┌─ DATA SUPPLIED

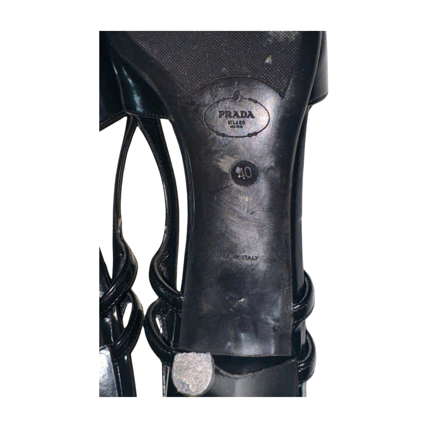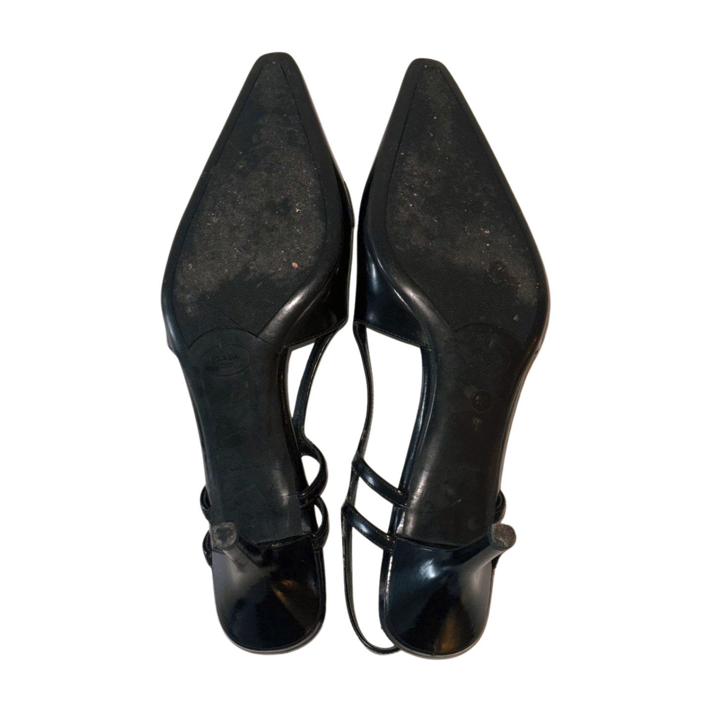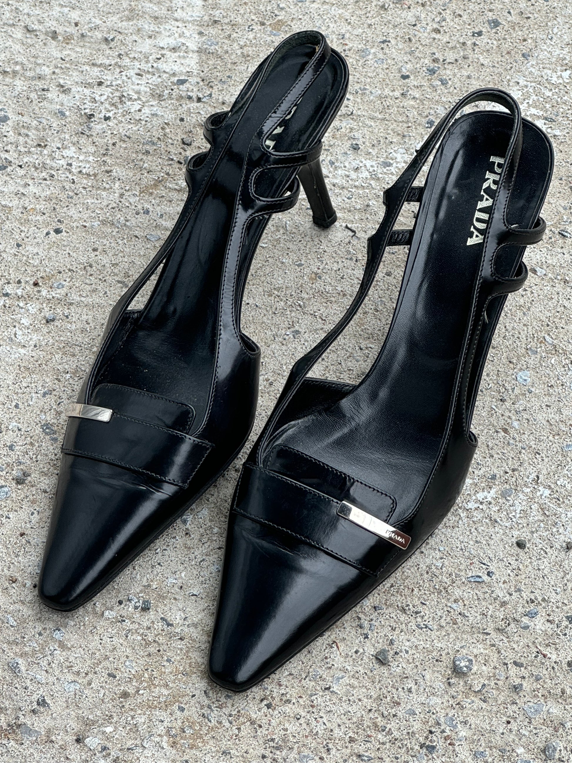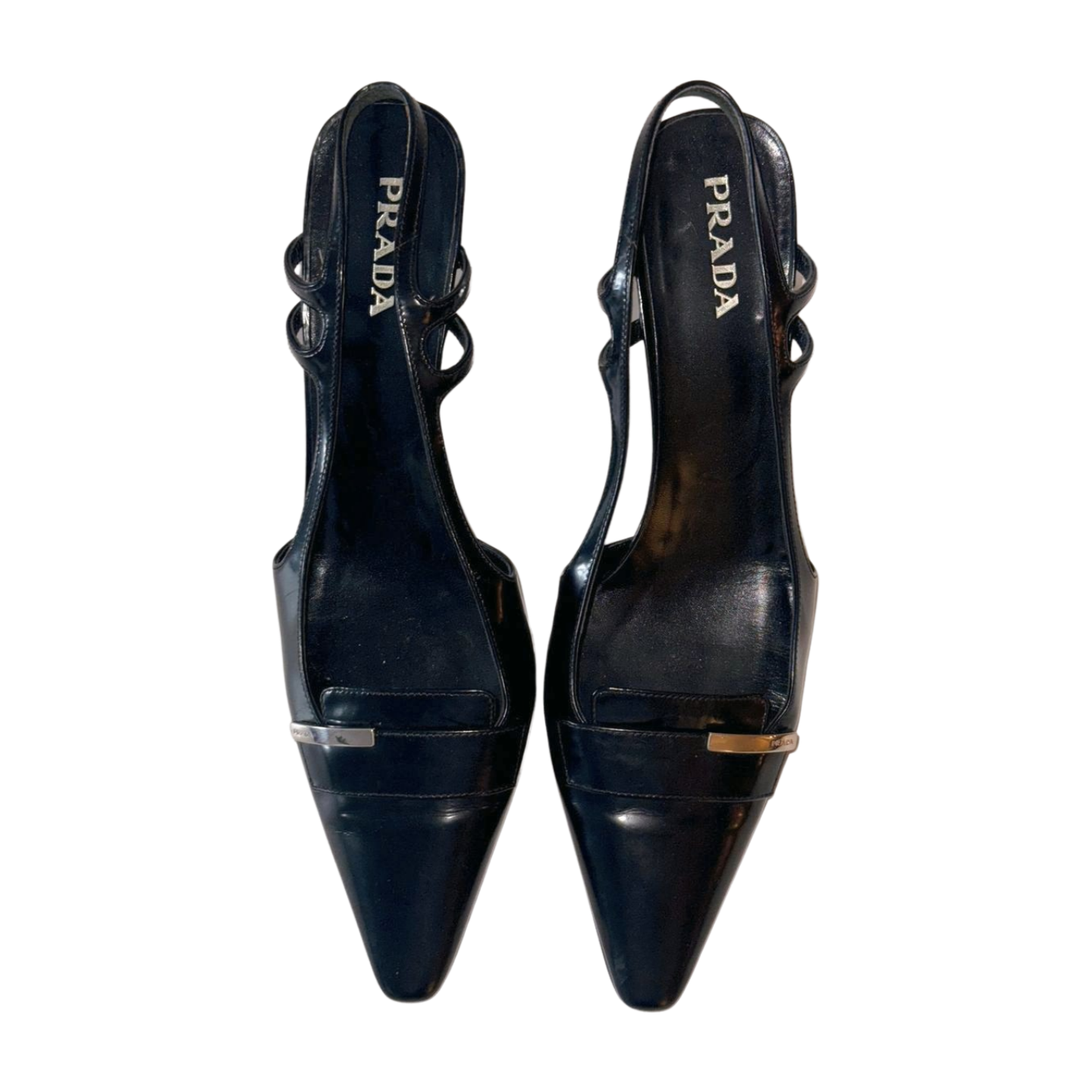 + Prada stilettos on 3 inch heel featuring strap detail at back and plated Prada logo.
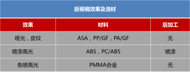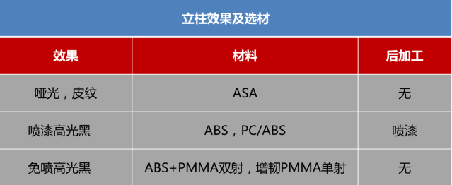 一般采用ABS或者PC/ABS喷漆实现,但现在更多采用的是ABS加PMMA双射成型实现,其中ABS提供韧性,PMMA提供黑亮的外观效果。过随着增韧PMMA的出现,采用直接注塑成型可实现减薄、简化工艺等效果,也吸引了越来越多的主机厂。中立柱的效果及选材大概可总结为:
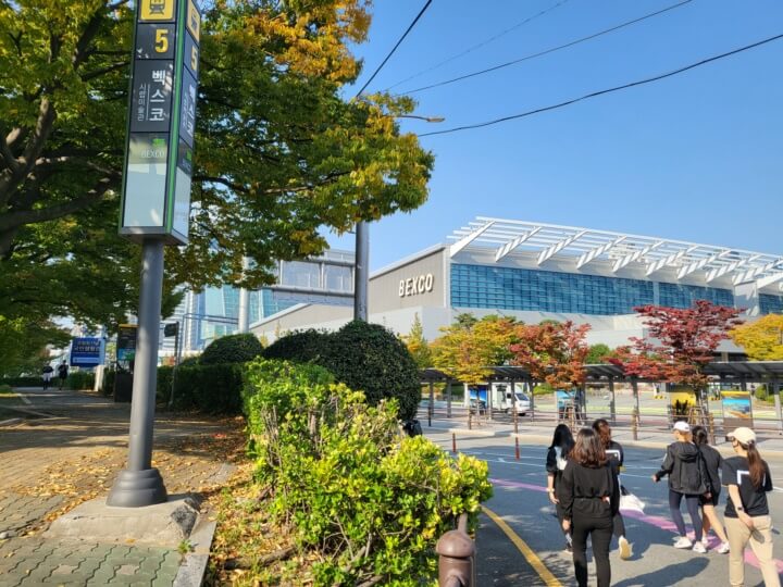 부산 지하철 2호선 해운대역에서 지하철을 타고 센텀시티역에서 하차 집결장소인 벡스코 야외광장으로 향했다. 집결시간이 오전 8시라 7시 40분쯤 벡스코에 도착했다. 부산도 일교차가 커서 한낮엔 반팔만 입고 다녀도 될 정도지만 아침엔 상당히 추웠다.
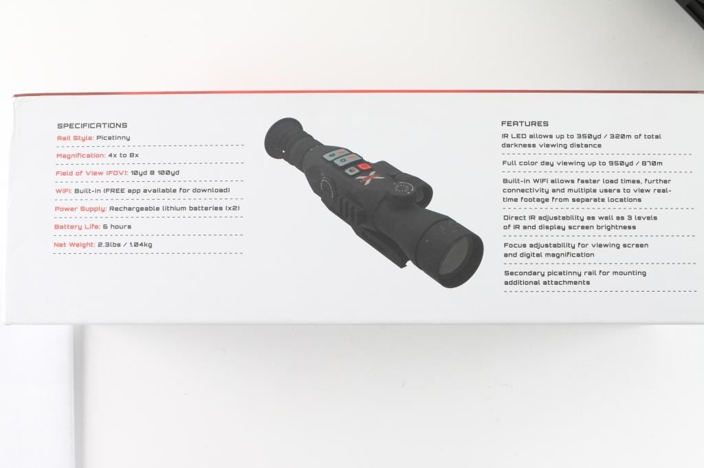 digital scope with integral infrared illuminator. Manufacturer states 350 yard range in total darkness. 4x to 8x magnification. Mounts to Picatinny rail. Small accessory rail on right side. Internal battery with USB charger and power plug. Has photo & video capability, WiFi connectivity. Like new in original box with paperwork. Approx 11" long.
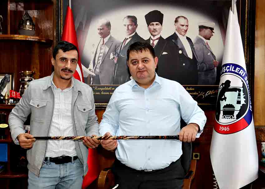 Saraçoğlu da birlik ve beraberlik mesajı vererek Genel Başkan Yeşil’e Devrek bastonu takdim etti. Saraçoğlu ve Yönetim Kurulu ardından GMİS Genel Sekreteri Yener Arslanbuğa’yı da makamında ziyaret ederek Devrek bastonu takdim etti.
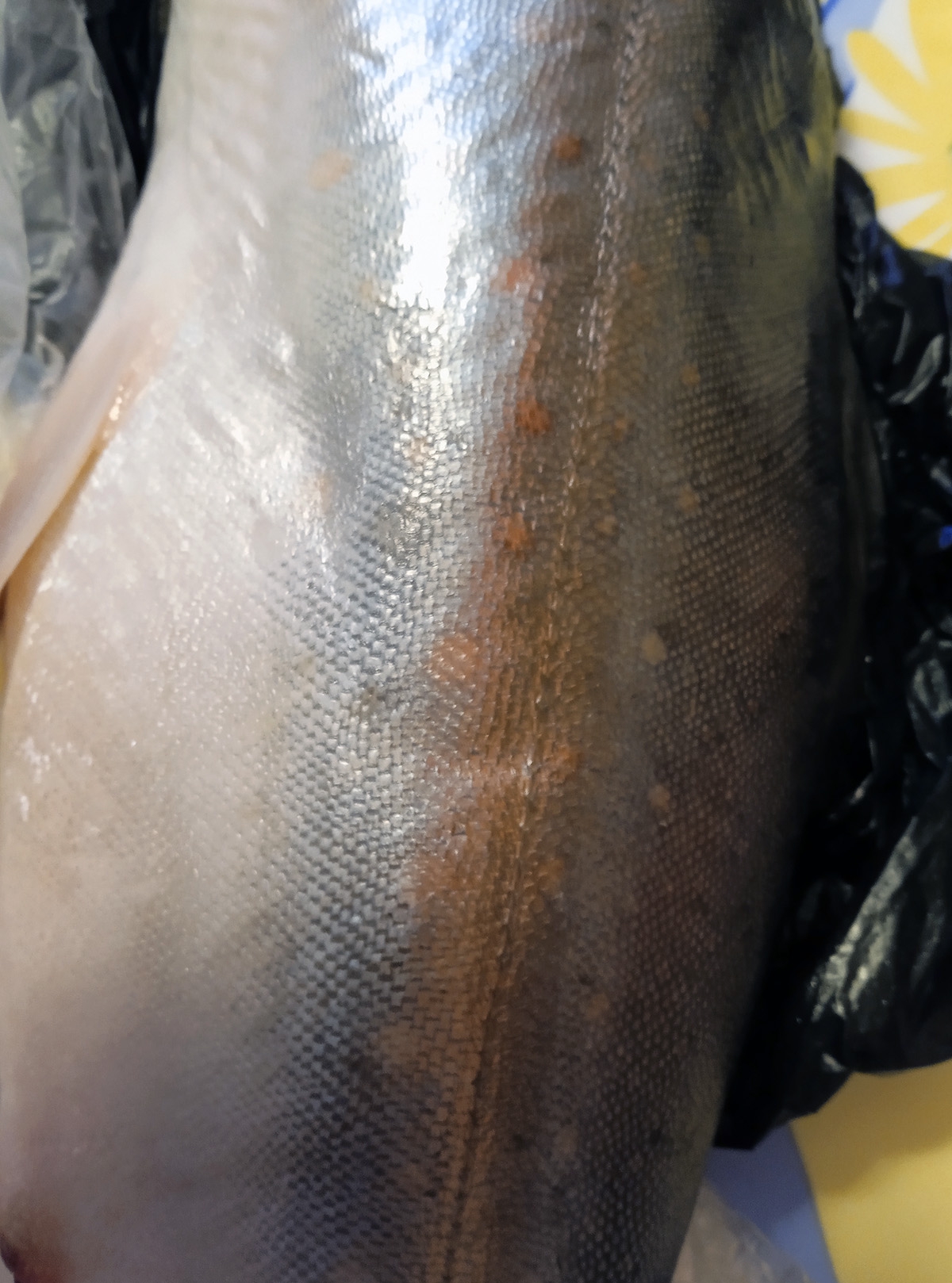 Заехал на рынок к своему продавцу, он говорит, что нерку везти вообще не будет, говорит цена от поставщика на ДВ - 1000, значит здесь ценник вообще космос будет, типа никто брать не будет. Кижуча ловят в сентябре, его как всегда подождем. Скумбриевич с сентября по февраль, тоже ждем. Говорит под видом чавычи много где пытаются впарить более дешевых лососей типа кеты, ну и ценник у нее чуть ли не выше чем у семги. Предлагал чилийскую форель, я то всегда брал только дикую рыбу, а эта аквакультурная, но он говорит с экологичностью там все норм, хз верить нет, покупаю рыбу у него не первый год, еще не обманывал. До 3 кг - 1000, от 3 и выше - 1200, но говорит она реально жирная. Еще заехал в метро, там в морозилке лежали семги февральского улова, одна была 6кг с головой - вот это лошадина! Для разморозки, чтобы влезла в холодос, точно пилить бы пришлось. Продолжаю вести наблюдения.
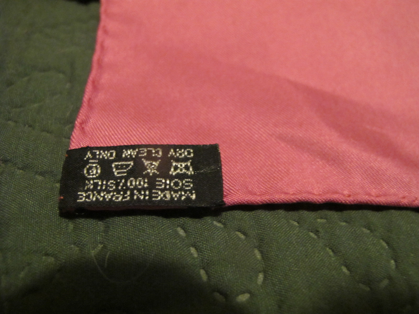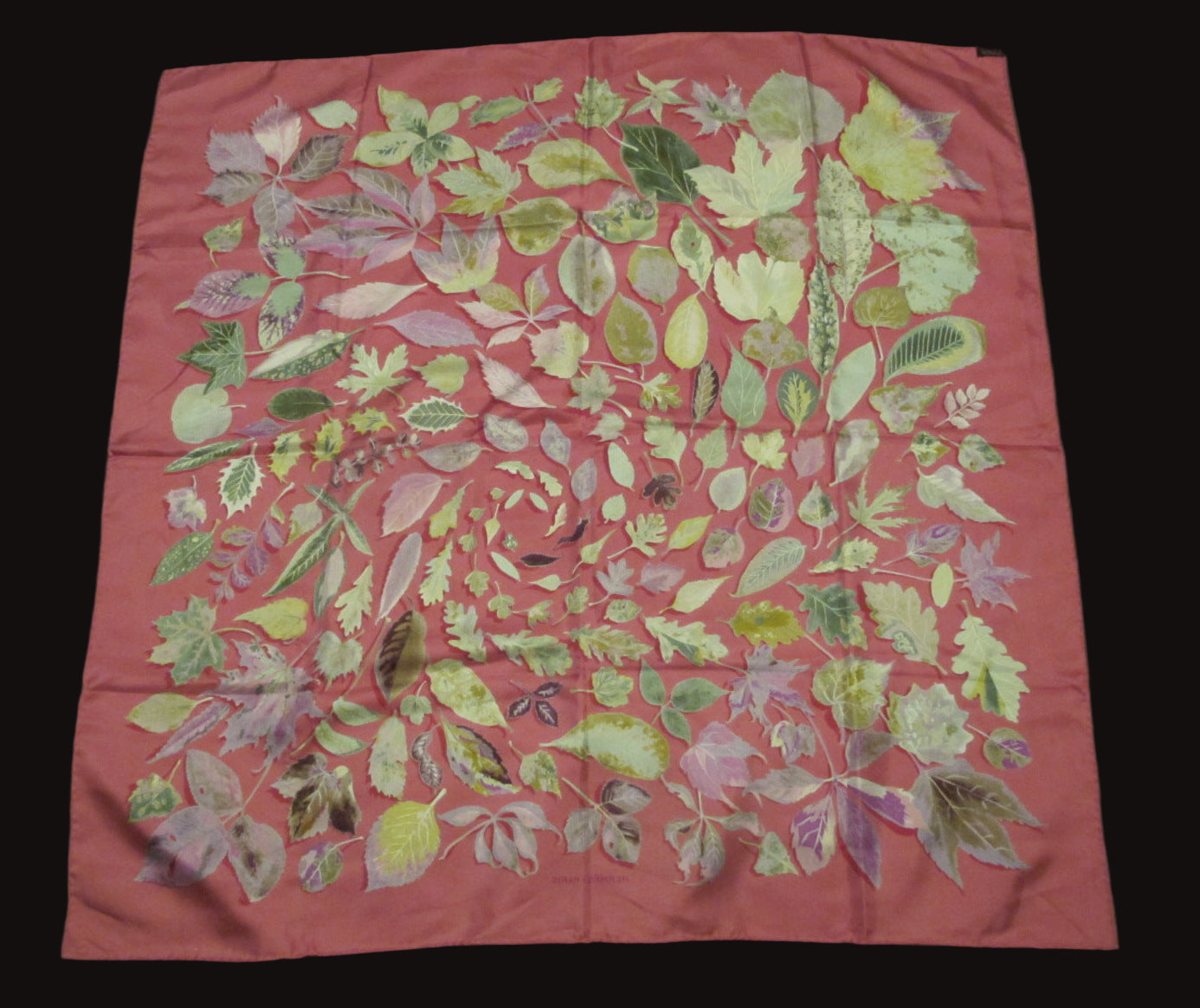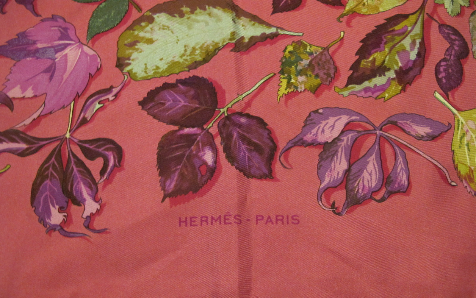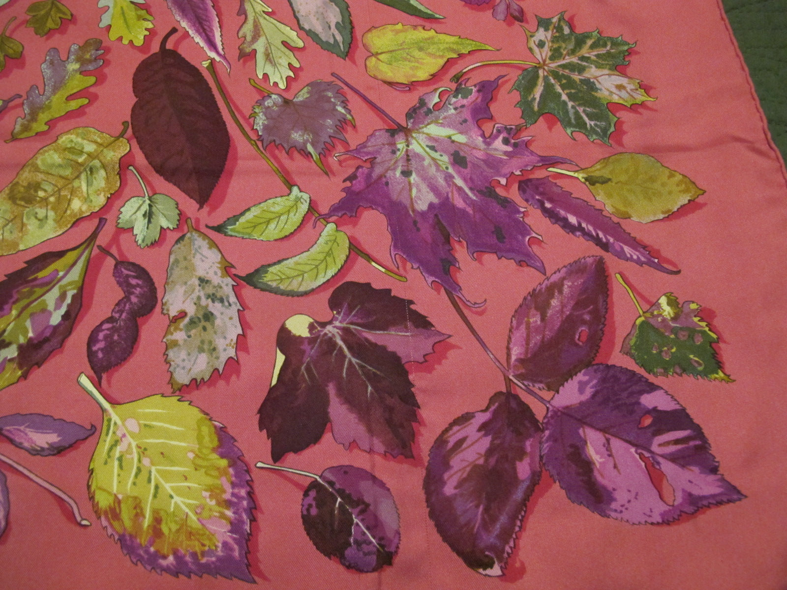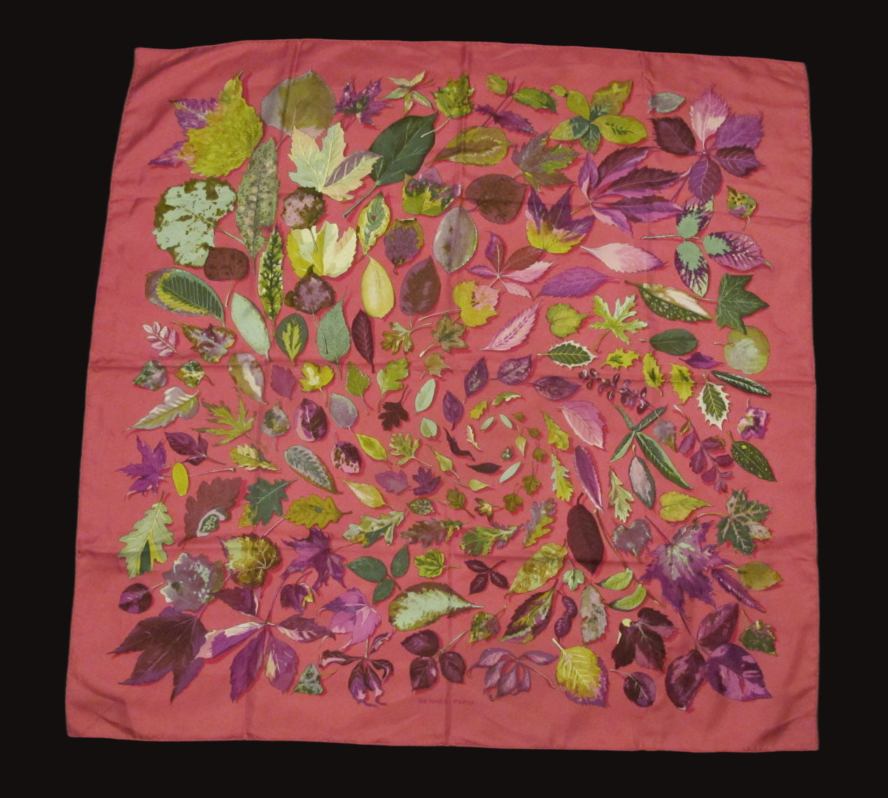 Vintage Hermes France Carre 90 graphic designer scarf, ''Tourbillons' or fallen leaves. Pink silk with multi-color leaves. Designed by Christiane Vauzelles in 1968. Carre 90, Measures approximately 35" x 35". Excellent preowned condition, creases from storage. Thin snag near one corner, as photographed in second to last photo. No other snags, stains, or holes.

└─

→ **PROBLEM REQUIREMENTS**:
Give the records back verbatim, pictures excluded.

→ **PROBLEM SOLUTION**:
 + Prada stilettos on 3 inch heel featuring strap detail at back and plated Prada logo.
 一般采用ABS或者PC/ABS喷漆实现,但现在更多采用的是ABS加PMMA双射成型实现,其中ABS提供韧性,PMMA提供黑亮的外观效果。过随着增韧PMMA的出现,采用直接注塑成型可实现减薄、简化工艺等效果,也吸引了越来越多的主机厂。中立柱的效果及选材大概可总结为:
 부산 지하철 2호선 해운대역에서 지하철을 타고 센텀시티역에서 하차 집결장소인 벡스코 야외광장으로 향했다. 집결시간이 오전 8시라 7시 40분쯤 벡스코에 도착했다. 부산도 일교차가 커서 한낮엔 반팔만 입고 다녀도 될 정도지만 아침엔 상당히 추웠다.
 digital scope with integral infrared illuminator. Manufacturer states 350 yard range in total darkness. 4x to 8x magnification. Mounts to Picatinny rail. Small accessory rail on right side. Internal battery with USB charger and power plug. Has photo & video capability, WiFi connectivity. Like new in original box with paperwork. Approx 11" long.
 Saraçoğlu da birlik ve beraberlik mesajı vererek Genel Başkan Yeşil’e Devrek bastonu takdim etti. Saraçoğlu ve Yönetim Kurulu ardından GMİS Genel Sekreteri Yener Arslanbuğa’yı da makamında ziyaret ederek Devrek bastonu takdim etti.
 Заехал на рынок к своему продавцу, он говорит, что нерку везти вообще не будет, говорит цена от поставщика на ДВ - 1000, значит здесь ценник вообще космос будет, типа никто брать не будет. Кижуча ловят в сентябре, его как всегда подождем. Скумбриевич с сентября по февраль, тоже ждем. Говорит под видом чавычи много где пытаются впарить более дешевых лососей типа кеты, ну и ценник у нее чуть ли не выше чем у семги. Предлагал чилийскую форель, я то всегда брал только дикую рыбу, а эта аквакультурная, но он говорит с экологичностью там все норм, хз верить нет, покупаю рыбу у него не первый год, еще не обманывал. До 3 кг - 1000, от 3 и выше - 1200, но говорит она реально жирная. Еще заехал в метро, там в морозилке лежали семги февральского улова, одна была 6кг с головой - вот это лошадина! Для разморозки, чтобы влезла в холодос, точно пилить бы пришлось. Продолжаю вести наблюдения.
 Vintage Hermes France Carre 90 graphic designer scarf, ''Tourbillons' or fallen leaves. Pink silk with multi-color leaves. Designed by Christiane Vauzelles in 1968. Carre 90, Measures approximately 35" x 35". Excellent preowned condition, creases from storage. Thin snag near one corner, as photographed in second to last photo. No other snags, stains, or holes.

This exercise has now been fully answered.